> [How to complete this task]:
Where the line containing "为提高顺义区青年学生对艾滋病" appears in the records below, begin there and repeat each line exactly through the final one, dropping all pictures.

Dataset items:
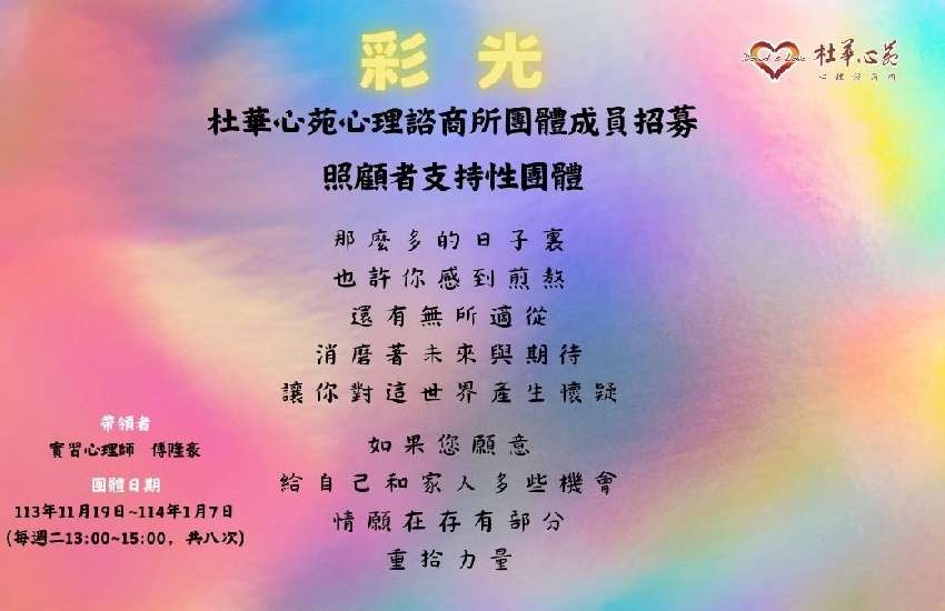 轉知 【杜華心苑心理諮商所】2024年照顧者支持性公益團體
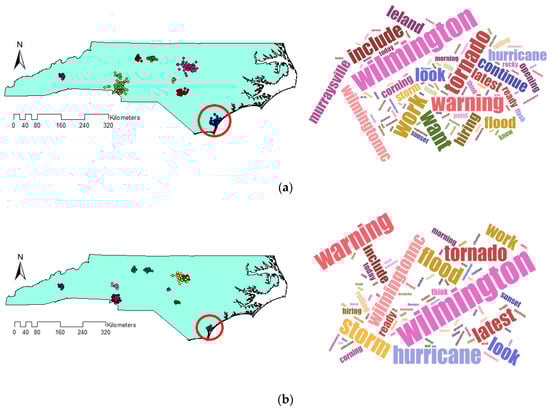 The other crucial issue that should be noticed is the different sizes of output clusters. Figure 13 demonstrates the extracted clusters of algorithms which are located at the same places but with diverse sizes. As clusters are located at the same location, they are indicating the same events. But the extracted clusters by VDCT are smaller than those of DBSCAN. Smaller and more compact clusters seem to be more useful since they provide us with the ability to monitor specific incidents rather than large clusters which may present both the event and the surrounding area. An example is Figure 11, in which VDCT separated tweets relating to “Raleigh” and its “opening” while DBSCAN considered all these tweets as one cluster. Another example is cluster C8 of DBSCAN and C11 of VDCT which their Word Clouds are illustrated in Figure 14a,b, respectively. The extracted Word Clouds and frequent words indicate that both clusters point to the same event which is “hurricane” in “Wilmington”. Having more tweets with irrelevant words to the hurricane, the frequency and importance of words related to hurricane such as “warning”, “flood”, “tornado” are affected by the existence of other words and therefore their sizes are diminished in the Word Cloud of the DBSCAN cluster. However, in VDCT extracted cluster, words such as “warning”, “hurricane”, “flood” and “storm” can be clearly distinguished. It is the same for clusters C7 of DBSCAN and C10 of VDCT which their Word Cloud are illustrated in Figure 15a,b, respectively. The frequent words, “thunderstorm”, “tstorm”, “severe”, “warning” and “forecast” can be quickly recognized in VDCT cluster, while these words cannot be easily identified in DBSCAN cluster as they are affected by other words. The other clusters (C1, C5, C6 and C9 of VDCT and C1, C3, C4 and C6 of DBSCAN) are almost the same for both algorithms as the density of tweets does not significantly vary in these places and their Word Clouds depict the same frequent words in related clusters. The generated Word Clouds of these clusters are illustrated in Figure 16.
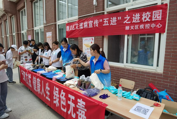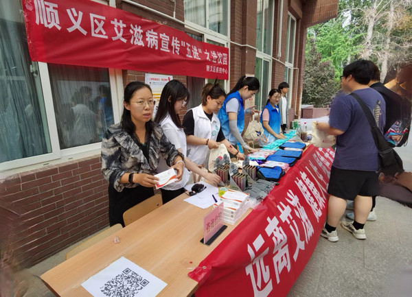 为提高顺义区青年学生对艾滋病的了解,普及艾滋病预防知识,5月29日,顺义区疾病预防控制中心联合北京工业大学耿丹学院青年志愿者协会组织开展“预防艾滋病,你我爱心共接力”防艾地推活动。
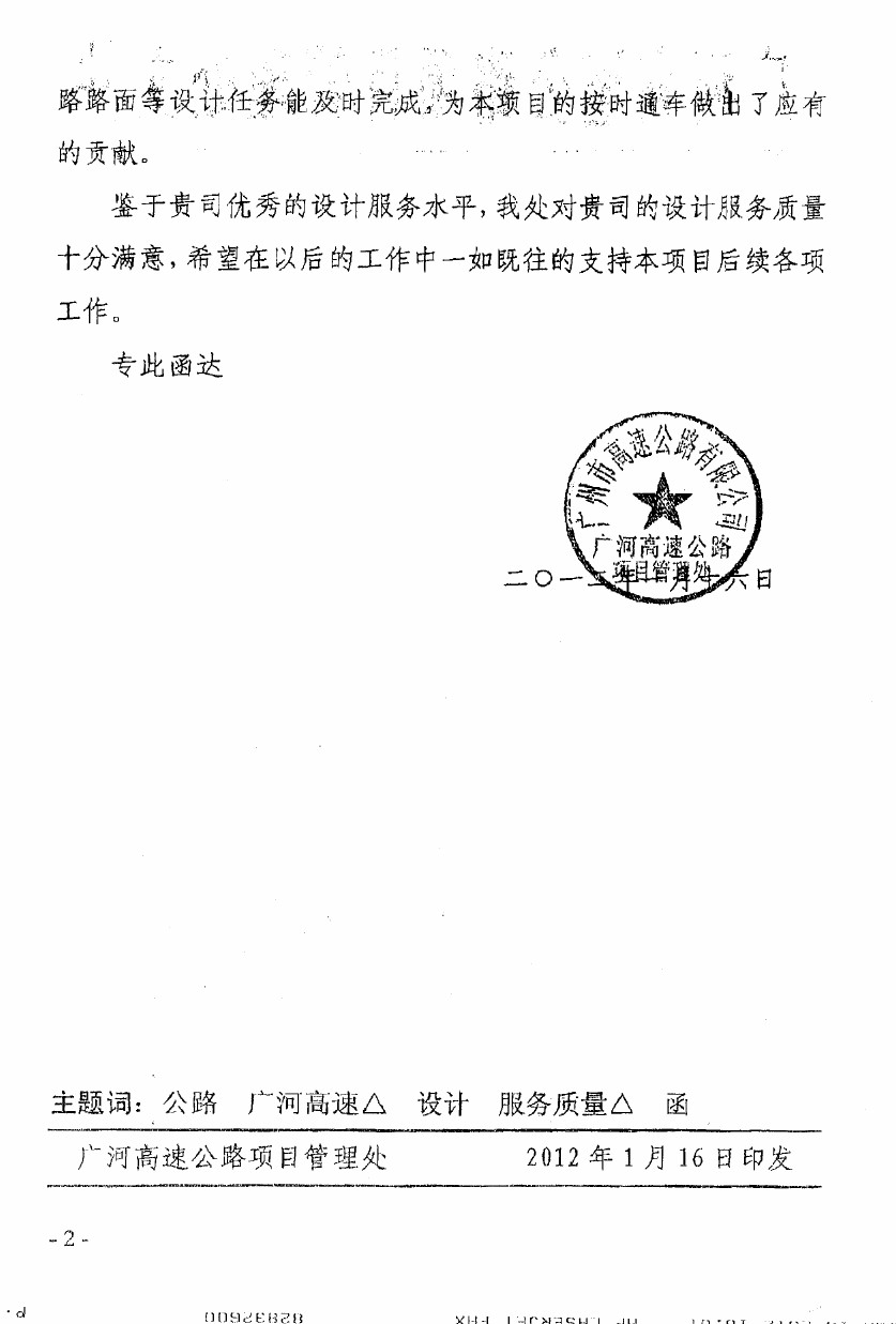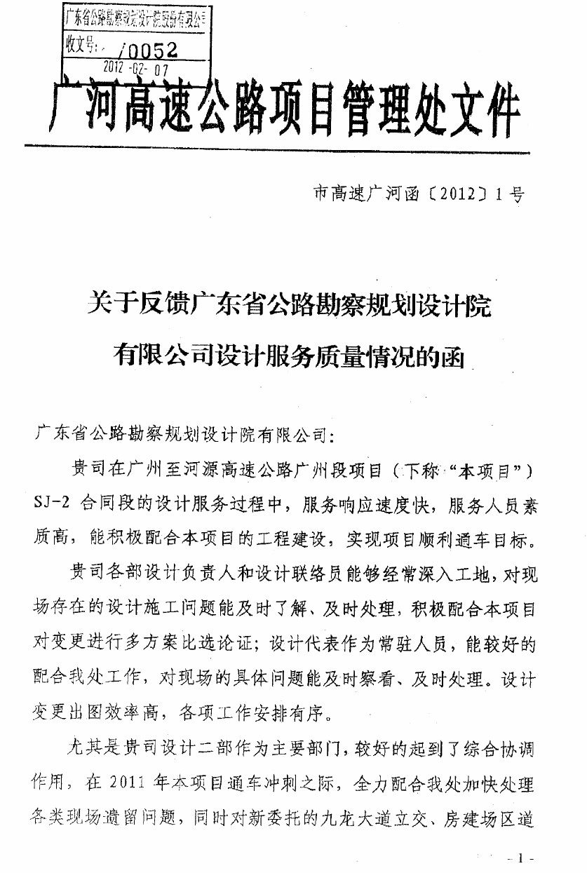近日,業主單位廣河高速公路項目管理處專函盛贊公司設計后服務工作,并對以第二路橋設計部為主的服務團隊在廣州至河源高速公路廣州段設計后服務中的優異表現給予了充分肯定和高度贊揚,認為我司設計服務水平“優秀”,對我司的服務質量表示“十分滿意”。
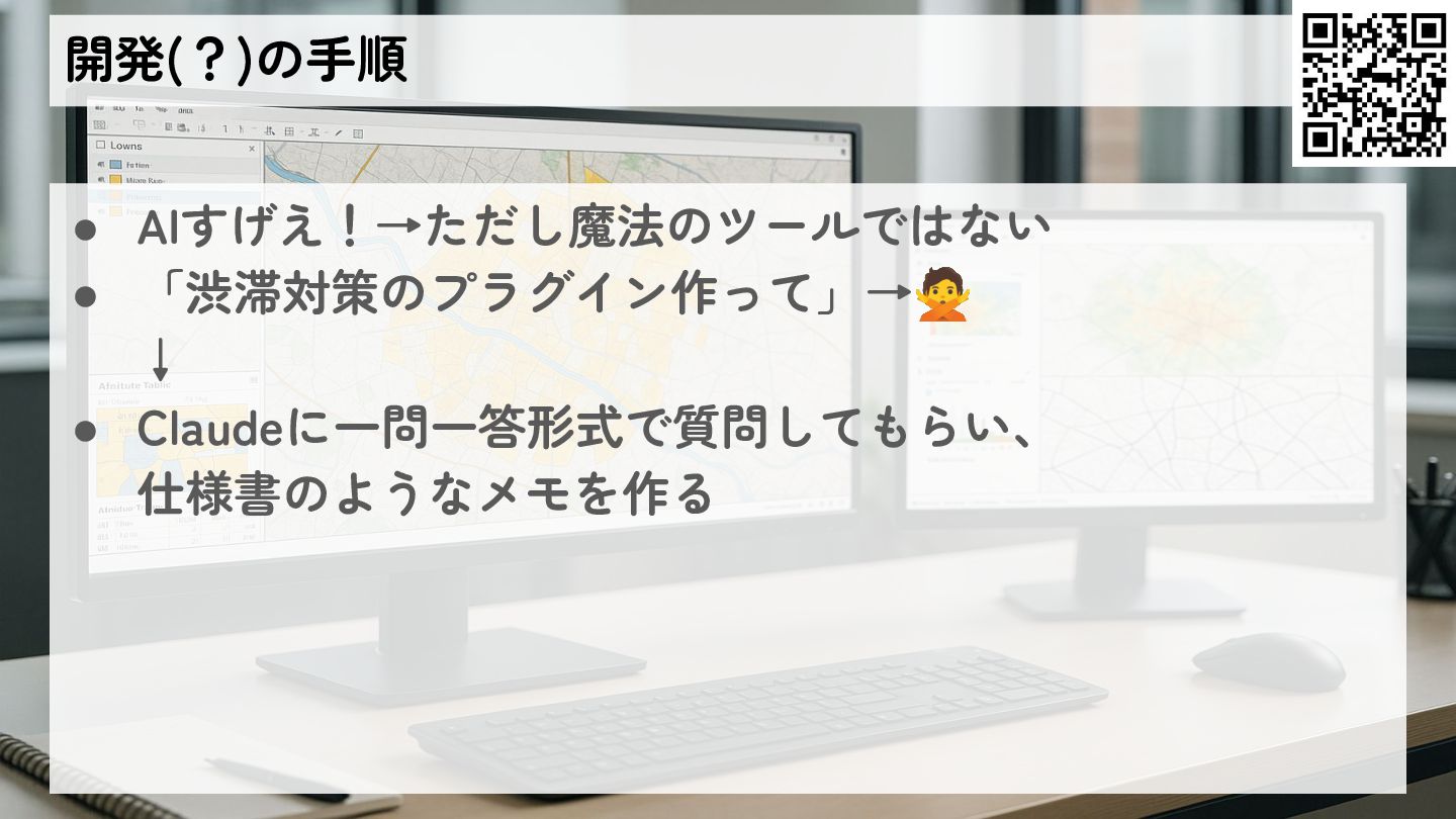 開発(?)の手順 • AIすげえ!→ただし魔法のツールではない • 「渋滞対策のプラグイン作って」→🙅 ↓ • Claudeに一問一答形式で質問してもらい、 仕様書のようなメモを作る
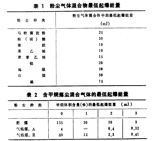 為了解決粉塵爆炸問題,必須確定起爆源能里的最低值.表I歸納了幾個最小起爆能量的例證,是從各種塵、氣混合物中測得的.

> [Your solution]:
 为提高顺义区青年学生对艾滋病的了解,普及艾滋病预防知识,5月29日,顺义区疾病预防控制中心联合北京工业大学耿丹学院青年志愿者协会组织开展“预防艾滋病,你我爱心共接力”防艾地推活动。
近日,業主單位廣河高速公路項目管理處專函盛贊公司設計后服務工作,并對以第二路橋設計部為主的服務團隊在廣州至河源高速公路廣州段設計后服務中的優異表現給予了充分肯定和高度贊揚,認為我司設計服務水平“優秀”,對我司的服務質量表示“十分滿意”。
 開発(?)の手順 • AIすげえ!→ただし魔法のツールではない • 「渋滞対策のプラグイン作って」→🙅 ↓ • Claudeに一問一答形式で質問してもらい、 仕様書のようなメモを作る
 為了解決粉塵爆炸問題,必須確定起爆源能里的最低值.表I歸納了幾個最小起爆能量的例證,是從各種塵、氣混合物中測得的.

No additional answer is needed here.